Any suggestion that Bezos, Brin and Zuckerberg, who have buddied up to Trump as
his administration has defunded the arts, attended the Met Gala because they
care about the preservation of archival garments feels slightly ridiculous.
What the
tech barons do want from fashion, seemingly, is cultural cachet. For the
Bezoses, the event is just the latest in an ongoing campaign to win fashion
kudos, much of it facilitated by US Vogue. The magazine ran a glowing Sánchez
Bezos profile in 2023, then doubled down on that endorsement with a digital
wedding cover in 2025. In the past six months, the couple has sat front row at
Paris fashion week shows, and announced donations of tens of millions of
dollars in grants and scholarships devoted to sustainable fabrics. Wintour, who
stepped down from her role as editor of US Vogue in 2025 to take on a bigger
role at publisher Condé Nast, continues to oversee the Met Gala. She has a
history of bringing people she deems culturally and commercially potent into
the fashion fold – Kim Kardashian, for example – even when the peanut gallery
argues they have not earned the prestige. The industry usually sees things
Wintour’s way. Indeed, many top designers have worked with Sánchez Bezos,
including “image architect” Law Roach and Schiaparelli, who dressed her for the
Met Gala in her preferred cleavage-centric, hourglass aesthetic (though,
tellingly, on Instagram, neither appears to have put an image of their work on
the grid).
As the
dust settled on the gala, the fashion insiders I spoke to expressed continued
discomfort about the Bezos sponsorship, which they felt was disappointingly
representative of the direction at Condé Nast, which recently closed its most
progressive outlet, Teen Vogue. They were disappointed too, that so many
otherwise politically vocal celebrities attended the gala despite the outcry.

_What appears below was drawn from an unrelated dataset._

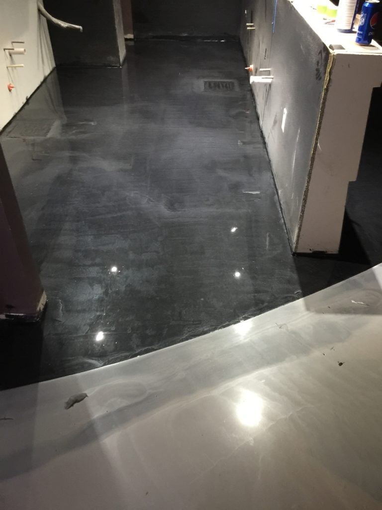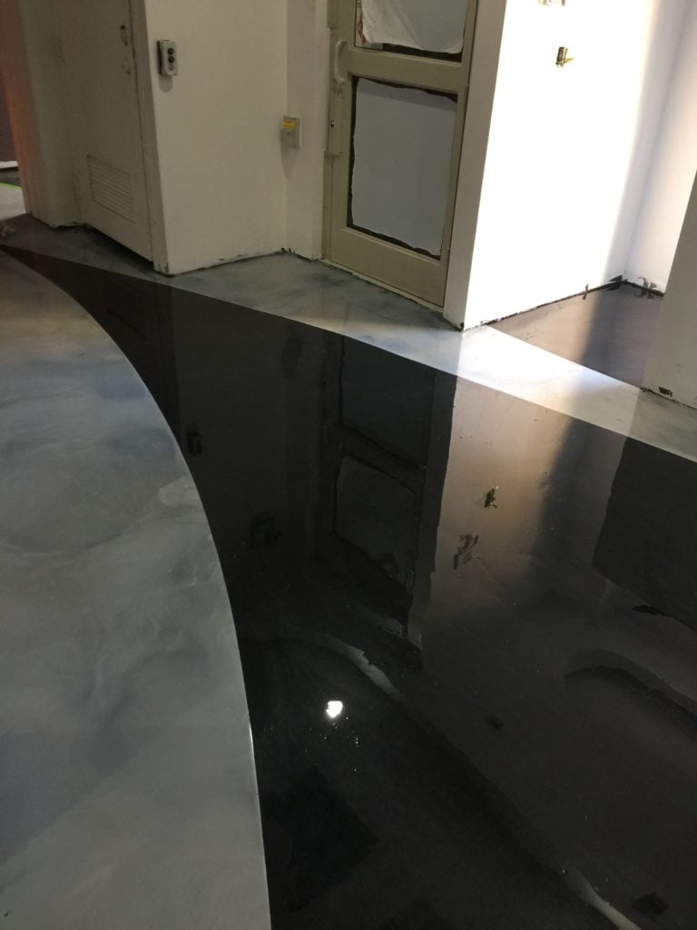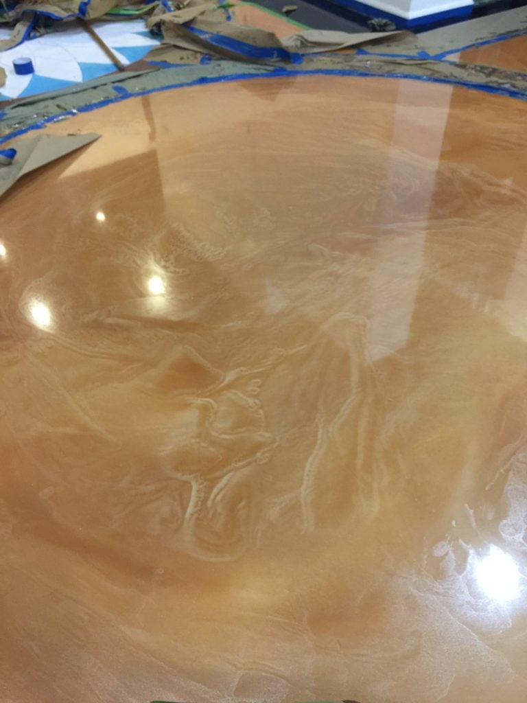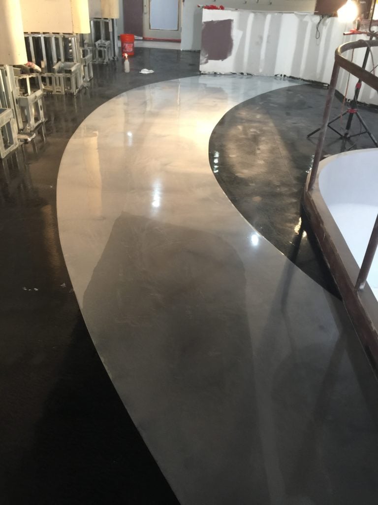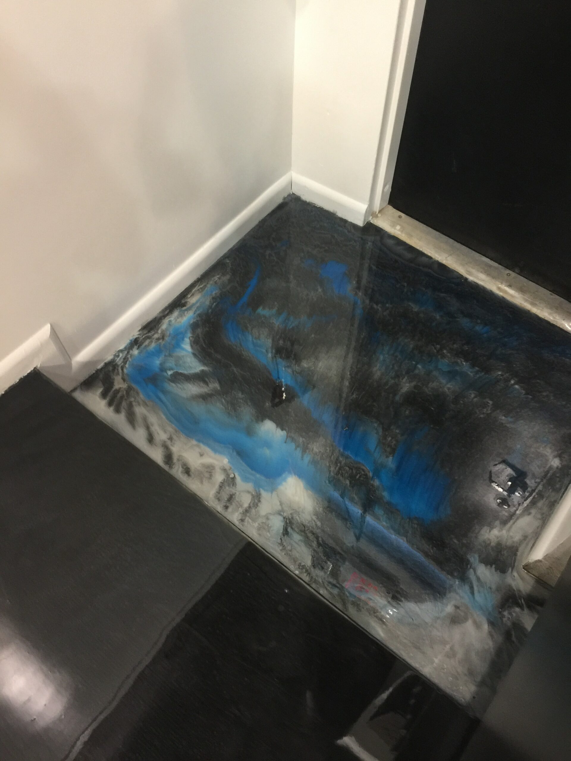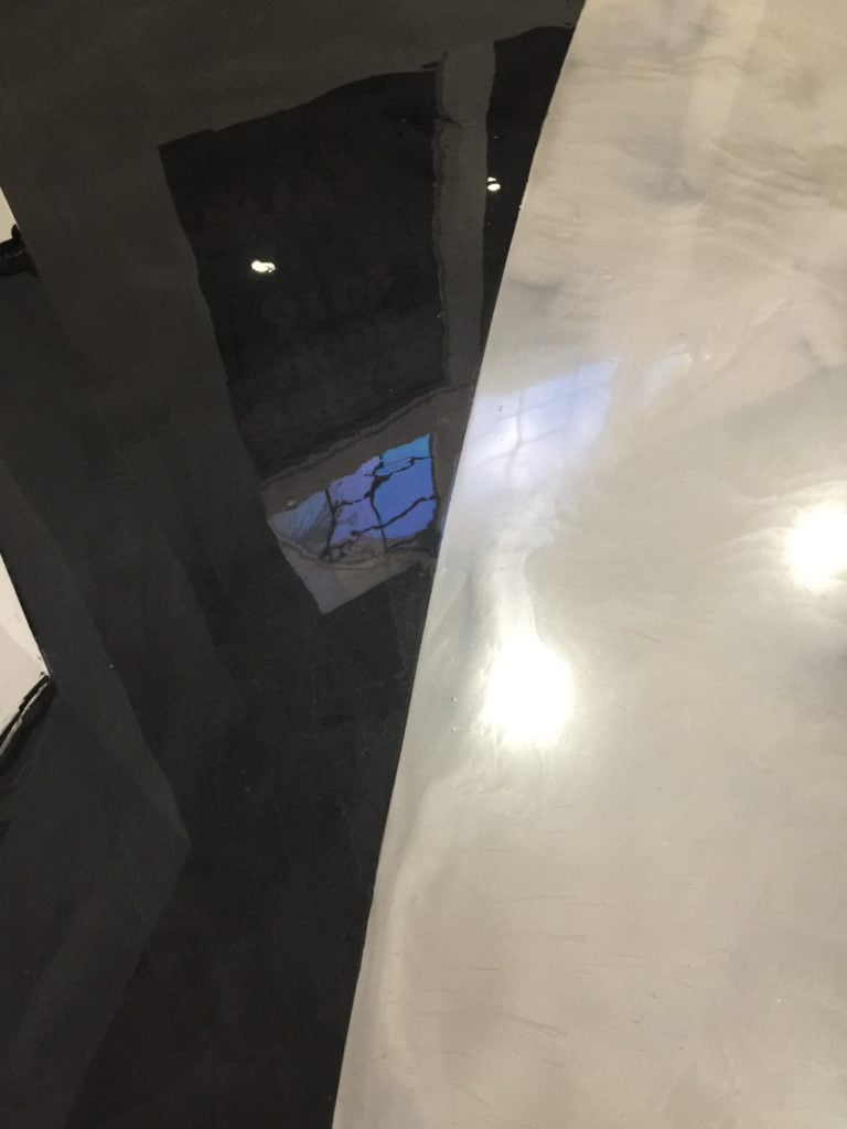 Artistic prepped the surface with an HTC 800, Ermator T8600 and 25 grit HTC diamonds. This is a grey epoxy with a combo of Sterling, Onyx and Quick Silver metallic pigments.

(Those who glided down the red carpet included Anne Hathaway, Bad Bunny,
Rihanna, Margot Robbie, Beyoncé, Nicole Kidman and Venus Williams. Taraji P
Henson and Mark Ruffalo were among the few to post anti-Amazon videos; media
reports of boycotts from Meryl Streep and Zendaya were not confirmed.)
I think
fashion is going to continue to embrace [the Bezoses]. The question is whether
they become normalized
Amy Odell
But then,
the insiders I spoke to themselves did not feel able to speak out. One creative
in the fashion world told me that he had found the event “horrific” and “naff”.
“If it was up to me, it would be the end of the Met Gala,” he said, but he did
not want to slam good friends – designers and stylists – who had worked on red
carpet looks. Another emerging designer, whose work appeared in the Costume
Institute’s spring exhibition, told me she was not aware of the Bezoses’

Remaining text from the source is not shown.